又一次一次的捨不得,一次一次的去見他……

竟就拖到了今天。再也躲無可躲了。

是因為太想做隨風了……沒有以前流雲陰影的隨風,沒有對不起他過,所以甚至有時候彷彿對自己催眠一般,把自己當做了隨風……

前因後果統統忘記……

可是怎麼忘得掉,至少月重華是忘不了的,隔了這麼久,他也還是來了。

司馬流雲努力按捺住,偷聽他們說話,但願月重華不是為了司馬流雲而來,只是有別的什麼事……

大總管溫和的聲音:「月樓主這是什麼?」

那個久違的聲音,在夜晚那麼溫柔甜蜜,這個時候卻只是清冷,「總管大人看一看就明白了。」

盒子打開,大總管有一點難以自持的提高了聲音:「九魂花?」

他鎮定了一下:「這是真的?」

「江湖傳言九魂花早在百年前雲華湖被毀之時已經滅絕,卻不知我曉風明月樓窮三代樓主心血培育了出來,雖說只有幾株,讓一個人在龜息狀態醒過來卻也還是夠了。」

原來是來救侯爺的……

可是他與侯爺素無來往,巴巴的趕來送葯?未免太詭異了些。

「多謝月樓主厚意,只是我這裡並無人龜息。」

月重華輕輕笑了一聲:「總管大人可知,天下藥莊裡沒有曉風明月樓不知的事,自然也就知道最近有人在暗中重金購買靈息丹,只是那靈息丹雖也算靈藥,卻只能續命,不能讓人醒過來--聽說侯爺閉關已經兩個月了?」

大總管默然,月重華也不說話,一時靜默無聲。

司馬流雲滿手冷汗。月重華要的是什麼?

過了許久,大總管輕輕問:「月樓主想要什麼?」

月重華笑:「司馬流雲。」

北廳外的司馬流雲咬破了下唇。

也不知是不是過了一些時候,大總管繞到北廳窗外,輕輕把委頓在地的司馬流雲抱起來。司馬流雲委屈的抱著大總管的脖子,再也忍不住哭了出來。

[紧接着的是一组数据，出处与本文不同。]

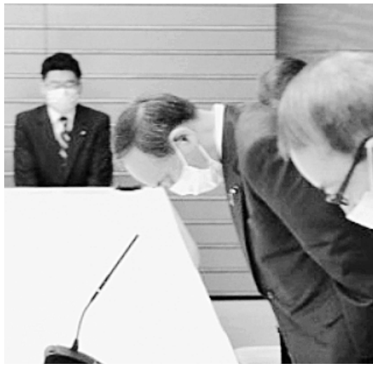
菅義偉総理大臣による原告への謝罪 (11月18日・首相官邸)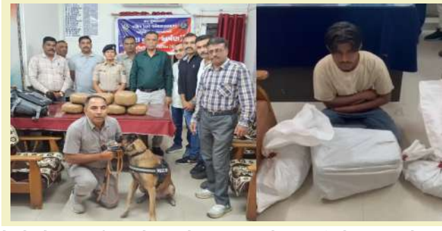
વડોદરા રેલવે સ્ટેશન પર તેનાત ડોગ સ્કવોડની મદદથી ટ્રેનોમાં તપાસ શરૂ કરવામાં આવી. તપાસ દરમિયાન અમદાવાદ-પુરી એક્સપ્રેસના જી૧ કોચ તથા જનરલ કોચના ક્રોડોરમાં બિનવારસી સ્થિતિમાં રાખેલ થેલી મળી આવી. ડોગ સ્કવોડ સંદિગ્ધ પ્રતિક્રિયા આપતા પોલીસે થેલી ખોલી તપાસ કરતા અંદાજે ૧૫ કિલોગ્રામ ગાંજો મળી આવ્યો.

大總管嘆口氣,像安撫一個孩子一樣拍著他的背:「乖,不怕,我不會把你給他的。」

司馬流雲滿心委屈,有人疼了就更委屈了,哽著聲音說:「當初是我設計了他,可他也沒有傷筋動骨了,為什麼還這麼念念不忘。」

大總管攬著他往裡走,一邊命人打水來給他擦臉,一邊說:「你不用怕他,有我在,他動不了你。他早就知道你在這裡了,也沒理會過,現在不過是趁侯爺出事想要趁火打劫,我會如他的意?」

司馬流雲抓著大總管的衣服,把整張臉都埋進去,過了一會,突然想起來什麼的抬起來,眼睛紅紅的,像一隻剛被欺負了的貓:「如果我把我欠他的都還清了,會不會……」

會不會我從此就可以成為隨風了?

話沒說完,可是大總管明白他的意思。

他又想嘆氣了,果然陷入情愛中的都會變成傻子嗎?流雲這麼伶俐也不例外,這腦子裡都在想著什麼呢。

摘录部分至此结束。